A relatora no STJ, ministra Nancy Andrighi, afirmou ser importante que o juiz proceda ao exame pessoal por meio de entrevista, ainda que não tenha conhecimentos para fazer diagnósticos. Segundo ela, o exame pessoal não é apenas para avaliação do estado biológico do interditando, mas serve para verificar seus laços afetivos, suas condições materiais e cognitivas, a forma como se relaciona e se comporta em sociedade e, especialmente, sua opinião sobre a interdição e sua relação com quem pretende ser o curador.

“O exame a ser feito mediante interrogatório em audiência, pessoalmente pelo juiz, não é, portanto, mera formalidade. Ao contrário, é medida que garante a participação e a própria defesa do interditando no processo. Aliás, é também medida de humanização do trabalho judicial, que poderá, com habilidade e dedicação, conhecer fatos que o processo oculta ou omite”, declarou.

Ordem dos legitimados para ajuizamento da ação de interdição não é preferencial

Para a 3ª Turma, a ordem dos legitimados para o ajuizamento da ação de interdição não é preferencial, e qualquer pessoa que se enquadre no conceito de parente do Código Civil (CC) é parte legítima para propor esse tipo de ação. 

O processo — que tramitou em segredo judicial — começou quando um homem requereu a interdição de sua sobrinha, afirmando que ela foi diagnosticada com esquizofrenia e seria incapaz para os atos da vida civil. Na contestação, a interditanda sustentou que seu tio não tinha legitimidade para ajuizar a ação, uma vez que a ordem prescrita nos artigos 1.768 do CC e 1.177 do Código de Processo Civil (CPC) não foi observada.
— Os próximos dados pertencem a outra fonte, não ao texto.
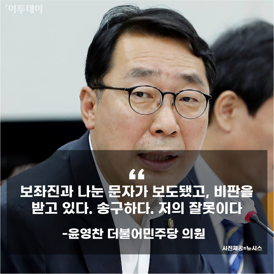 더불어민주당 윤영찬 의원이 이른바 '카카오 문자' 논란과 관련해 "질책을 달게 받겠다"며 사과했습니다. 윤영찬 의원은 9일 자신의 페이스북을 통해 "보좌진과 나눈 문자가 보도됐고, 비판을 받고 있다"며 "송구하다. 저의 잘못이다"라고 말했습니다. 이어 "여야 대표연설의 포털 노출 과정의 형평성에 의문을 가졌던 것으로, 묻고자 했던 것은 뉴스 편집 알고리즘의 객관성과 공정성이었다"면서 "비록 보좌진과 대화라 해도 엄밀한 자세와 적절한 언어를 사용하지 못했다. 이번 일을 커다란 교훈으로 삼아 한마디 말과 한 걸음 행동의 무게를 새기겠다"고 덧붙였습니다.
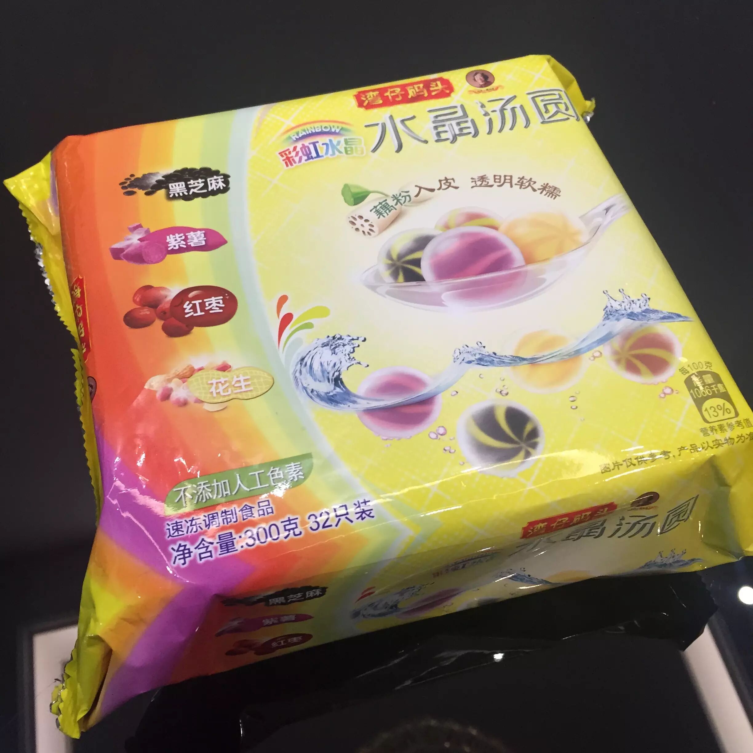 看包装上的汤圆照片就像小时候吃的西瓜泡泡糖一样,带有花纹的圆滚滚的小球。因为藕粉入皮,所以透明的表皮下面可以透出馅料不同的颜色,花纹都超级可爱。不知道实物是不是有这个效果,小淘姐好奇地买了一包。结果果然是买对了!煮出来的效果真的和效果图一样一样的,馅特别饱满,关键一个包装里有四种口味,口味多多换着吃,光看着这些可爱的造型,就一点都不会厌。
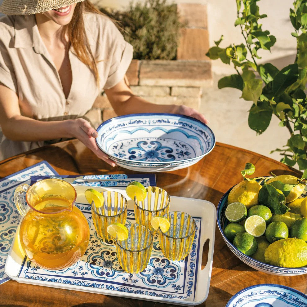Le bol à risotto en "mélamine" évoque les senteurs et les couleurs des fleurs de printemps et des citrons, apportant à la table une touche de fraîcheur et de gaieté. Il est idéal pour une fête en plein air, un brunch informel ou une occasion spéciale. À utiliser aussi en plat de service ou corbeille à fruits à placer au centre de la table.
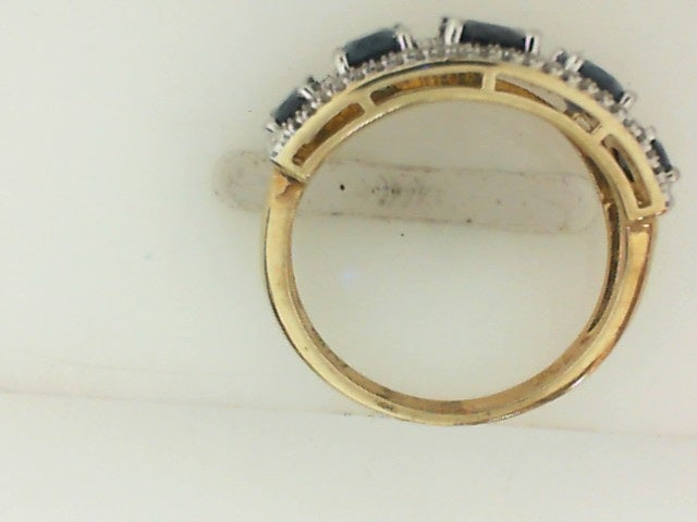 Lady's Two Tone 10 Karat 5 Stone Fashion Ring Size 7 With 5= Oval Sapphires And 0.15Tw Round Diamonds
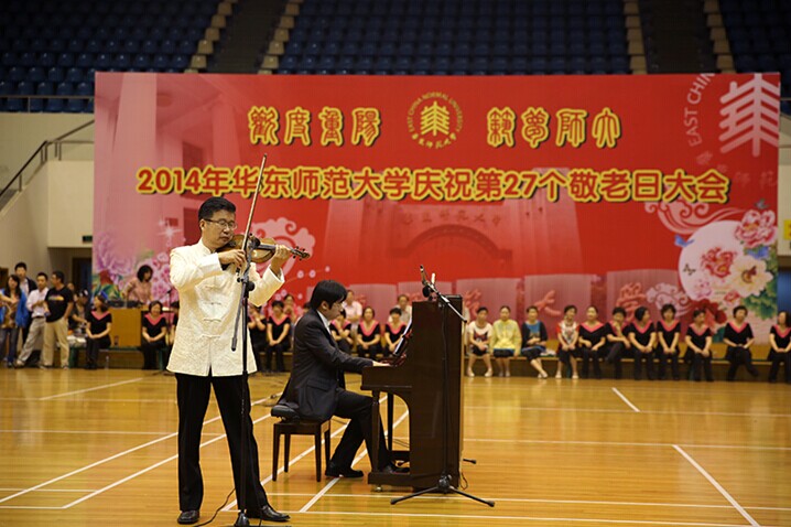 弘扬敬老美德,欢度重阳佳节。9月24日下午,yl23455永利庆祝第27个敬老日大会在中北校区体育馆举行。由音乐学系卢波书记、高晓东系主任与常林副系主任带领的我系师生演出队,尤其在党员教师的领衔下,与近两千位退休教职工欢聚一堂,共同度过了一个愉快温馨的敬老日。副董事长梅兵、上海市高校退管会相关负责人、主办协办单位负责人,以及各院系(部门)相关负责同志出席大会。大会由人事处处长施国跃主持。
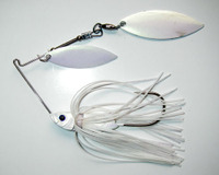 日本ではカラーブレードのスピナーベイトって不人気ですよね。一部のマニアな方がチャートや赤系のブレードを使っているぐらいでしょうか? 最近、ボクが注目しているのはブレードもヘッドもスカートも真っ白の通称ホワイト・オン・ホワイトです。アメリカでは定番とはいかないまでも、けっこうこのカラーが売られています。
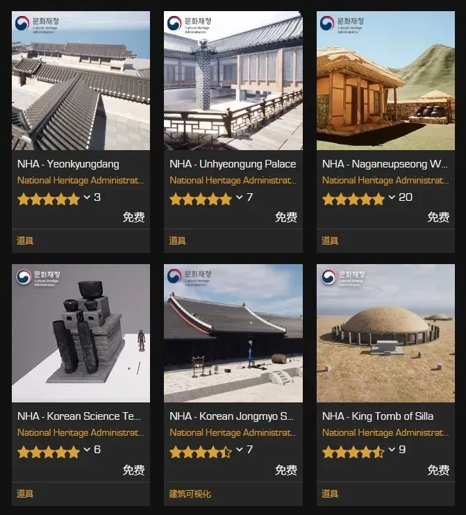 自去年年底开始,虚幻引擎的官方商店里出现了一个高产的新人作者。他的ID叫做NHA,全称为韩国文化遗产管理局,是一个韩国政府机构。

A sobrinha alegou, ainda, que somente na falta ou na impossibilidade dos pais é que a lei confere a outro parente a legitimidade para a propositura da ação de interdição.

O relator do recurso no STJ, ministro Ricardo Villas Bôas Cueva, esclareceu que a enumeração dos legitimados prevista no artigo 1.177 do CPC é taxativa, mas não preferencial, podendo qualquer dos indicados propor a ação.
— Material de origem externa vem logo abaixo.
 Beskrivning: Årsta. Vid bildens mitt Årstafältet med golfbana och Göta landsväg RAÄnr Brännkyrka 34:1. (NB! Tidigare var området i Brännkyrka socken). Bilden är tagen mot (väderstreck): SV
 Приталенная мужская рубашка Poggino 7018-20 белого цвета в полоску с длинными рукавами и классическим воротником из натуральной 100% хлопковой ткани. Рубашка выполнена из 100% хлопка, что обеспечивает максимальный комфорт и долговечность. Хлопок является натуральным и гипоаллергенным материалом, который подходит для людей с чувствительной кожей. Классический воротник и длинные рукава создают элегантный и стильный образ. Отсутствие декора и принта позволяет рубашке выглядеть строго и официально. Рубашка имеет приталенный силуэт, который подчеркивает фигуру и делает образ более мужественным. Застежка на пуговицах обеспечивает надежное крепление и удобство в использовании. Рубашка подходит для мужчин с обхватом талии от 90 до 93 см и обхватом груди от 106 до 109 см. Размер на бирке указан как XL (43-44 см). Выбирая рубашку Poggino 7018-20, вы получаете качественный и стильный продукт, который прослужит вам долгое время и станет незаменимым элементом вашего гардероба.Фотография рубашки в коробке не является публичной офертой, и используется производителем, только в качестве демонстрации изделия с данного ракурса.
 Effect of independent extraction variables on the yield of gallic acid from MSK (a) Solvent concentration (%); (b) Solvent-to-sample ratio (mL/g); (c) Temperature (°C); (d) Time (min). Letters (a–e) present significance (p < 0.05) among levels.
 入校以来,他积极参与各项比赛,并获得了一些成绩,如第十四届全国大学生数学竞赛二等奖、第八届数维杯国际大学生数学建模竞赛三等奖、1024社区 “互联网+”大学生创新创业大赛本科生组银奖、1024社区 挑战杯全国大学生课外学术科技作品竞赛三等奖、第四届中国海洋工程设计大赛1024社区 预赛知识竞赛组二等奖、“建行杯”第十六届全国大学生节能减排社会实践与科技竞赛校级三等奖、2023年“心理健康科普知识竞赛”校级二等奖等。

De acordo com o magistrado, o caso é de legitimação concorrente, não sendo a propositura da ação prerrogativa de uma única pessoa, pois mais de um legitimado pode requerer a curatela, formando-se um litisconsórcio ativo facultativo. “Ambos os pais, ou mesmo mais de um parente pode propor a ação, cabendo ao juiz escolher, em momento oportuno, quem vai exercer o encargo”, explicou.

Laudo médico pode ser dispensado na propositura da ação de interdição

Em outro julgamento relevante da 3ª Turma, foi definido que o laudo médico previsto no artigo 750 do CPC como necessário à propositura da ação de interdição pode ser dispensado se o interditando não quiser se submeter ao exame. O caso tramitou sob sigilo. 
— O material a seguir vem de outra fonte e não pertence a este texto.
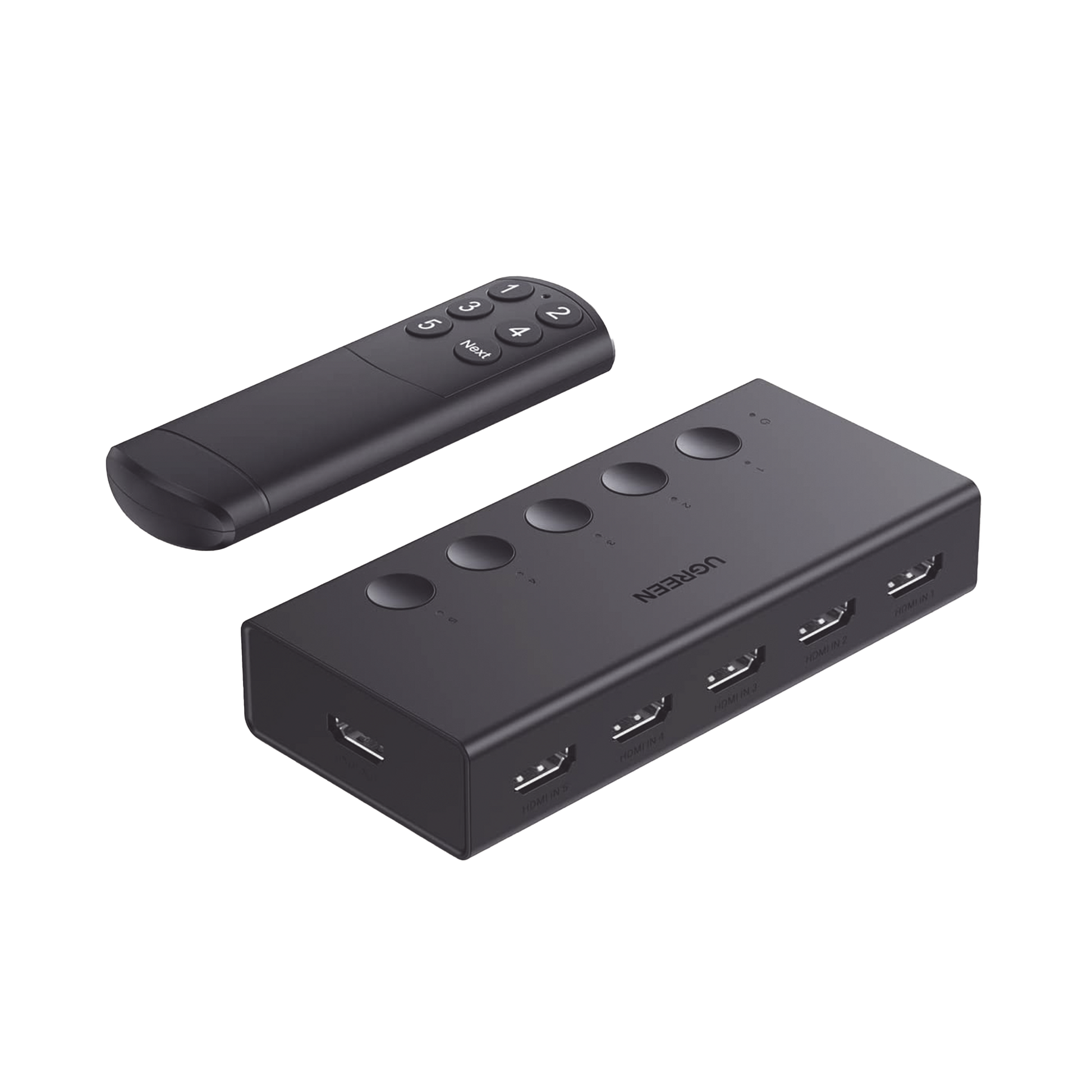 Conmutador HDMI 5X1 | 4K@60Hz | HDMI 2.0, 1.4 | HDCP 2.2, 1.4 | VRR | Dynamic HDR | 3D | CEC | EDID | IR 10m | 18Gbps | Cambio Manual y por Control Remoto | Incluye Cable de Alimentación USB.
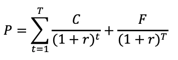즉, 각 시점의 이자지급액(C)과 액면가(F)를 시장이자율(r)로 할인한 현재가치를 모두 합한 금액이다.
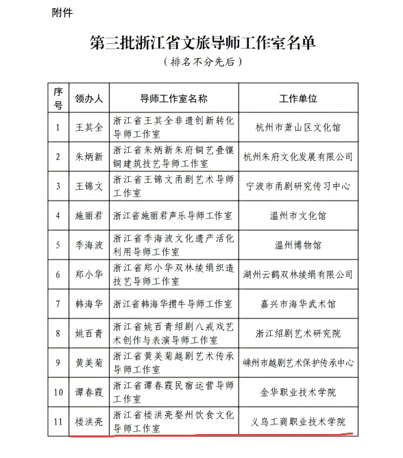 近日,为进一步推动我省文化广电和旅游领域高素质技能人才的成长,充分发挥名家名师在“文化浙江”“诗画浙江”建设中的示范引领和骨干带动作用,经全省范围内的申报推荐和专家严格评审,浙江省正式公布了第三批文旅导师工作室名单(浙文广旅人〔2024〕24)。此次共有24家导师工作室脱颖而出,人文旅游学院楼洪亮老师所带领的工作室位列其中。
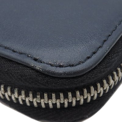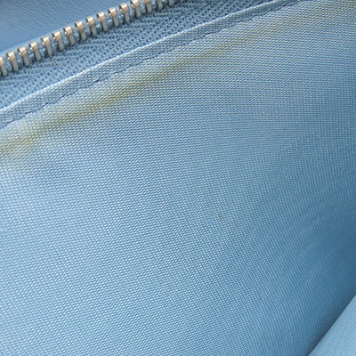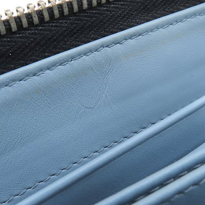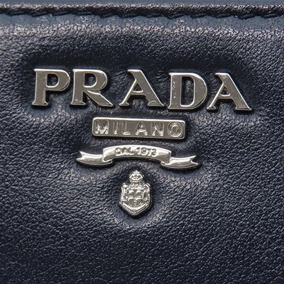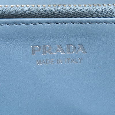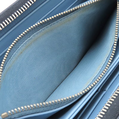 プラダ PRADA 長財布 ロゴ ラウンドファスナー レザー ネイビー シルバー金具 紺 水色 バイカラー 【中古】

Ao ajuizarem o pedido de interdição de sua mãe, duas mulheres não conseguiram juntar à petição inicial o laudo médico sobre a condição da interditanda, pois ela se recusava a fazer qualquer tipo de tratamento com especialista. O juízo de primeira instância extinguiu o processo sem resolução do mérito por ausência de interesse processual (artigo 485, inciso VI, do CPC), ao fundamento de que não foi apresentado documento indispensável. O Tribunal de Justiça de Rondônia (TJ-RO) negou provimento à apelação das autoras.

A ministra Nancy Andrighi, relatora do recurso no STJ, observou que, embora o artigo 750 do CPC mencione o laudo médico como necessário à propositura da ação de interdição, esse mesmo dispositivo legal ressalva, expressamente, a possibilidade de tal documento ser dispensado na hipótese em que for impossível juntá-lo à petição inicial.

A relatora também ressaltou que o laudo precisa apenas fornecer elementos indiciários, que tornem juridicamente plausível a tese de que estariam presentes os requisitos para a interdição, de modo a viabilizar o prosseguimento da ação. Ela ponderou que o laudo não substitui a prova pericial a ser produzida em juízo, de forma que o julgador não deve ser demasiadamente rigoroso diante da alegação de impossibilidade de apresentá-lo.

“Se se tratasse de um documento indispensável à decisão de mérito, deveria o julgador ser mais rigoroso, mas, por se tratar de documento necessário à propositura da ação e ao perfunctório exame de plausibilidade da petição inicial, deve ele ser mais flexível, justamente para não inviabilizar o acesso à Justiça”, afirmou.